Noront Resources Ltd. engages in the acquisition, development, and exploration of base and precious metals in Canada. A resource enterprise, the Company explores for nickel, copper, zinc, platinum group metals (PGMs), chromite, iron, titanium, vanadium, gold, and silver. It has the largest land position in the Ring of Fire. This is an emerging multi-metals area situated in the James Bay Lowlands of Northern Ontario. Noront Resources is based in Toronto, Ontario. The Company also has an office in Thunder Bay, Ontario. Noront Resources lists on the OTC Markets.

The Company has three near-term development projects in Ontario. Noront holds a 100 percent interest in Eagle’s Nest. This is one of the largest, undeveloped, high-grade nickel sulphide deposits globally. Eagle’s Nest has positive project economics. In addition, it is supported by an independent Feasibility Study (FS).

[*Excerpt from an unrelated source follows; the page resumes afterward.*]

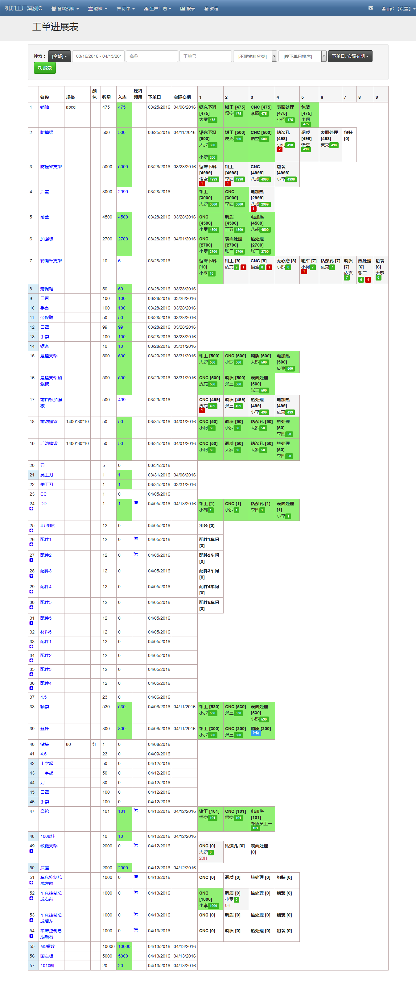 • 最右侧,是工艺进度的现实,绿色代表完成,灰色代表进行中,白色代表还未开始。同时还能显示加工人的名字,以及各自的完成数量(方框内的数字)。

Noront Resources also has a 70 percent interest in the Big Daddy chromite deposit, a 100 percent interest in the Black Label deposit, an 85 percent interest in the McFaulds copper-zinc occurrence, and a 75 percent interest in the Butler base metal property.

Furthermore, Noront’s 100 percent owned Blackbird chromite discovery is positioned less than 1 km from Eagle’s Nest. It is a significant global chromite resource and part of the Ring of Fire chromite discoveries located in the James Bay Lowlands area of Northern Ontario. Moreover, the Company’s 100 percent owned Black Thor chromite deposit is located 8 km to the northeast of Eagle’s Nest. It is the largest chromite discovery in the Ring of Fire.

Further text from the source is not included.